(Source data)
□ □ □ □ □ □ □

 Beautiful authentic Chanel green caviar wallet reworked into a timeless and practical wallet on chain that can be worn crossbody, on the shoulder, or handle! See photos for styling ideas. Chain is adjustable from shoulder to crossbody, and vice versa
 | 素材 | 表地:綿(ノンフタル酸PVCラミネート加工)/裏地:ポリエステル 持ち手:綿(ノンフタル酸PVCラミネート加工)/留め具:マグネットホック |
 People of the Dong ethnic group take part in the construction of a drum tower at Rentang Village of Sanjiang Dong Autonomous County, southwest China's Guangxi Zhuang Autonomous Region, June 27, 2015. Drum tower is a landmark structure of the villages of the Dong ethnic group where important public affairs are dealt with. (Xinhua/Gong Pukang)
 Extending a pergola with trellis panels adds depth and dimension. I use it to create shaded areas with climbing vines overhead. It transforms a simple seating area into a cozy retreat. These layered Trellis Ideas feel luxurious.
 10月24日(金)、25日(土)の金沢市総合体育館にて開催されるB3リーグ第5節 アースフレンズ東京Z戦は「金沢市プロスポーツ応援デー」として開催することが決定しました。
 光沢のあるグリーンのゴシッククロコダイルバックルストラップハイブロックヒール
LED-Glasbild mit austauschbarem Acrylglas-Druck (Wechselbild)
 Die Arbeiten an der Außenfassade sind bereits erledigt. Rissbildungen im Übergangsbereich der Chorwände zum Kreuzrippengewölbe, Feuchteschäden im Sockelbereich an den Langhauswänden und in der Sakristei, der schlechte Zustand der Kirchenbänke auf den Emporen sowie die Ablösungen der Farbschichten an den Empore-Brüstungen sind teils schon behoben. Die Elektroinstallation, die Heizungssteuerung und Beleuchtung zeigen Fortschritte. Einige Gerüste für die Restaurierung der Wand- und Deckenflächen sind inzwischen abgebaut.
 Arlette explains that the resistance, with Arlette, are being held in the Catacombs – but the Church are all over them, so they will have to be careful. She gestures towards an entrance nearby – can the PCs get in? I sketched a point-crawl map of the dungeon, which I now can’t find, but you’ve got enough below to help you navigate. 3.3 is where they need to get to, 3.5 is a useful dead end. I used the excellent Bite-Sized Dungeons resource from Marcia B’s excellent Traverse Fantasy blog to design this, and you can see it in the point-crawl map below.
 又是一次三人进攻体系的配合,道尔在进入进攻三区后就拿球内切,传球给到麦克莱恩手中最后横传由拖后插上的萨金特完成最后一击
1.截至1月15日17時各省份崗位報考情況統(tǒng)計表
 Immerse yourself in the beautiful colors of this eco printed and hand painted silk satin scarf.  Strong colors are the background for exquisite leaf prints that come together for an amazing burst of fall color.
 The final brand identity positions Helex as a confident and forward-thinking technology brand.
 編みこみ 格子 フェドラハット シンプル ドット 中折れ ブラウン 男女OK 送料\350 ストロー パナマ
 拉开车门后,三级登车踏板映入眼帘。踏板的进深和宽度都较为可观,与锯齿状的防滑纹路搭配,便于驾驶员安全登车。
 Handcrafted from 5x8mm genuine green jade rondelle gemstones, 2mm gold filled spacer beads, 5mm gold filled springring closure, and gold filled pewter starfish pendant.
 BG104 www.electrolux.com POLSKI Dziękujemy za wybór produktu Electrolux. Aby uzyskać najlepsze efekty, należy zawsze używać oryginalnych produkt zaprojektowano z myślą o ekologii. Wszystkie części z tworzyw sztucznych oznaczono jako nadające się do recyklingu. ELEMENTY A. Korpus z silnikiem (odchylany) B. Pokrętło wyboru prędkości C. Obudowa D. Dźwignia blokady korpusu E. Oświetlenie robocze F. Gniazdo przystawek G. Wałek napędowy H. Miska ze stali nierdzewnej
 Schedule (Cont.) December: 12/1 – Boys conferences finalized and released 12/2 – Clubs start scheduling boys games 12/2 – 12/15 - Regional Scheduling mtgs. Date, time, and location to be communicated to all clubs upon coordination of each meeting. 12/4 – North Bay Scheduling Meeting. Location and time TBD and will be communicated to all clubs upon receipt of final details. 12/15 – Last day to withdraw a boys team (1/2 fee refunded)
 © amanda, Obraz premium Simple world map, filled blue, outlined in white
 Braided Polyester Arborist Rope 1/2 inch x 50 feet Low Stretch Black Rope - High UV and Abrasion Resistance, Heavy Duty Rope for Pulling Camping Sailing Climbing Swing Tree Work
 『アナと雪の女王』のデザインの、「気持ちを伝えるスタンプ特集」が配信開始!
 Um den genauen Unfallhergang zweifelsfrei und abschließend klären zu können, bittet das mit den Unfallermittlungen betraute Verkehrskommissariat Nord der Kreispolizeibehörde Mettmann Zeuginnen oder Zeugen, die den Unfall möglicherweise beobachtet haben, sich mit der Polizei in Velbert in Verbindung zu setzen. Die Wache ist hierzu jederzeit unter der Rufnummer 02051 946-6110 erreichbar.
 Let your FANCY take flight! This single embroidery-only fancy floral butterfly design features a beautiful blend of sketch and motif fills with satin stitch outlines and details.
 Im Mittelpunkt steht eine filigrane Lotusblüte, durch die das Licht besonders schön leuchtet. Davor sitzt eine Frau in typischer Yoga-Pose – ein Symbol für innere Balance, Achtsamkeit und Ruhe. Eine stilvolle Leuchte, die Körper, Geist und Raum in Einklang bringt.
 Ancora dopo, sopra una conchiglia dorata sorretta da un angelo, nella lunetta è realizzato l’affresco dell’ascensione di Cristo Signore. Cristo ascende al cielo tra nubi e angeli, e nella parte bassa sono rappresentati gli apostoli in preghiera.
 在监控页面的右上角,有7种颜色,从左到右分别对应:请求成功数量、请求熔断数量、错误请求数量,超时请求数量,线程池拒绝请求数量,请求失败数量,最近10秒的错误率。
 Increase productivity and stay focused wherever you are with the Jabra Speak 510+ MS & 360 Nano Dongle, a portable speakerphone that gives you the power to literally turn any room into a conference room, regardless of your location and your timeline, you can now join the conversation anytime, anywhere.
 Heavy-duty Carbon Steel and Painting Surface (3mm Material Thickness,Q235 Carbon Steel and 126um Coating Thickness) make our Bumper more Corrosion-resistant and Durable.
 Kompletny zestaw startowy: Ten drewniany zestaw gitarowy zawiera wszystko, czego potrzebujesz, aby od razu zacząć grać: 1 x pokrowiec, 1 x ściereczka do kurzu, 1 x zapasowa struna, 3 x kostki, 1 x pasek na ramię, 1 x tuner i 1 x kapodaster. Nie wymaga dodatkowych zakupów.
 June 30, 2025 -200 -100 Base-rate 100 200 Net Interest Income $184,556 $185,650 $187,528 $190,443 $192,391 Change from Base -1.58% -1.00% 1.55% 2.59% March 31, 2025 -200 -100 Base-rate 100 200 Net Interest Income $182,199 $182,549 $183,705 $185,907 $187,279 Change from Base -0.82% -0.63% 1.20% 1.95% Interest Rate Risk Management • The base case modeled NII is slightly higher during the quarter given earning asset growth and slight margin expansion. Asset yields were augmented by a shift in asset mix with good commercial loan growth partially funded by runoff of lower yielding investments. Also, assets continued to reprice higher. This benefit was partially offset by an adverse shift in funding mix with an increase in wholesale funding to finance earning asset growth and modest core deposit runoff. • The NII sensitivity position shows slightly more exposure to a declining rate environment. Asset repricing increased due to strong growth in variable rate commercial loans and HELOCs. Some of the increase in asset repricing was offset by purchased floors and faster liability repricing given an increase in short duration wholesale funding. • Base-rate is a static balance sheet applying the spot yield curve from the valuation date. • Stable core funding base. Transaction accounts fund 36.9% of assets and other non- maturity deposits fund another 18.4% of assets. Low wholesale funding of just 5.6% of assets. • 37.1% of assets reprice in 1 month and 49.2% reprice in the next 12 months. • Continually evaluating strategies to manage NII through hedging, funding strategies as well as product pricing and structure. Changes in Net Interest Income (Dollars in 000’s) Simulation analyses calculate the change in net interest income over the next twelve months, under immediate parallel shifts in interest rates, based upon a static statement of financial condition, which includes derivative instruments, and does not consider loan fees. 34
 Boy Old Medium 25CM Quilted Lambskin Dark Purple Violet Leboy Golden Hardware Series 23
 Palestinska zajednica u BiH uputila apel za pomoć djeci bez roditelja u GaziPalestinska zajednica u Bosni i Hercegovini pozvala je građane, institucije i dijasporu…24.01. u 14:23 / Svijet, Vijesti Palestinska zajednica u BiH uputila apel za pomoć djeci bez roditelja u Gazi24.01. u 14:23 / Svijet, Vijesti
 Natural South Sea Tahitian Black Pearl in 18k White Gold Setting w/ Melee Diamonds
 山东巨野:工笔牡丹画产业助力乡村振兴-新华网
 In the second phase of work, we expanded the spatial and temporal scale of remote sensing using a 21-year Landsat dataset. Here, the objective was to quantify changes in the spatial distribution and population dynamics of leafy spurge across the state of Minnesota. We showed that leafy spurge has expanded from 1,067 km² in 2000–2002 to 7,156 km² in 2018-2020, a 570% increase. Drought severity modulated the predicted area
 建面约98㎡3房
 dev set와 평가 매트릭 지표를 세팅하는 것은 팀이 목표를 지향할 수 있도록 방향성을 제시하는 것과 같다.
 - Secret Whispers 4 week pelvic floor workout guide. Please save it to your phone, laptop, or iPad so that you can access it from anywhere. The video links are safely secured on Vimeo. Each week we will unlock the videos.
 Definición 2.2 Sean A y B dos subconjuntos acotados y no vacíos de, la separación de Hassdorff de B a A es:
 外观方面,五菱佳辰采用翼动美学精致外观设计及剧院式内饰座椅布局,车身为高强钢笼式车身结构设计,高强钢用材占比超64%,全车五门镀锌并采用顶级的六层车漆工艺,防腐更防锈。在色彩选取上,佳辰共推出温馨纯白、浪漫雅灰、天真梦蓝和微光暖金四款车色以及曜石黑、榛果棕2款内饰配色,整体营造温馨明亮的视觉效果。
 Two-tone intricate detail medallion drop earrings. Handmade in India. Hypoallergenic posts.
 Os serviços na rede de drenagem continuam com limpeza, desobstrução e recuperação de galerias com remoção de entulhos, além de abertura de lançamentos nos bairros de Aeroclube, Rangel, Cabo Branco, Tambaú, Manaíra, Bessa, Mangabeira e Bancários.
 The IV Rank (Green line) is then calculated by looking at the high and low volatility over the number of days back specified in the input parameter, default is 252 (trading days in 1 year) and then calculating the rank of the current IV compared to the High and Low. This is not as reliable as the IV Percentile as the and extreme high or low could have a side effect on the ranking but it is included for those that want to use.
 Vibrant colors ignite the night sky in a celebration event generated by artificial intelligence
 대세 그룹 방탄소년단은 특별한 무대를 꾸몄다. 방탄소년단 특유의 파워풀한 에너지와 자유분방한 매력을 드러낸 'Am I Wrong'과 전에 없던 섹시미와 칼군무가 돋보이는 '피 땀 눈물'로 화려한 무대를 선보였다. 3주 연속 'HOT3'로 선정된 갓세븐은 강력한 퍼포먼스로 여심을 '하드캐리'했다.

□ □ □ □ □ □ □

Directions: Of the entries above, transcribe exactly those lines that fall between the line containing "拉开车门后,三级登车踏板映入" and the line containing "Handcrafted from 5x8mm", together with those two lines.

Answer section:
 拉开车门后,三级登车踏板映入眼帘。踏板的进深和宽度都较为可观,与锯齿状的防滑纹路搭配,便于驾驶员安全登车。
 Handcrafted from 5x8mm genuine green jade rondelle gemstones, 2mm gold filled spacer beads, 5mm gold filled springring closure, and gold filled pewter starfish pendant.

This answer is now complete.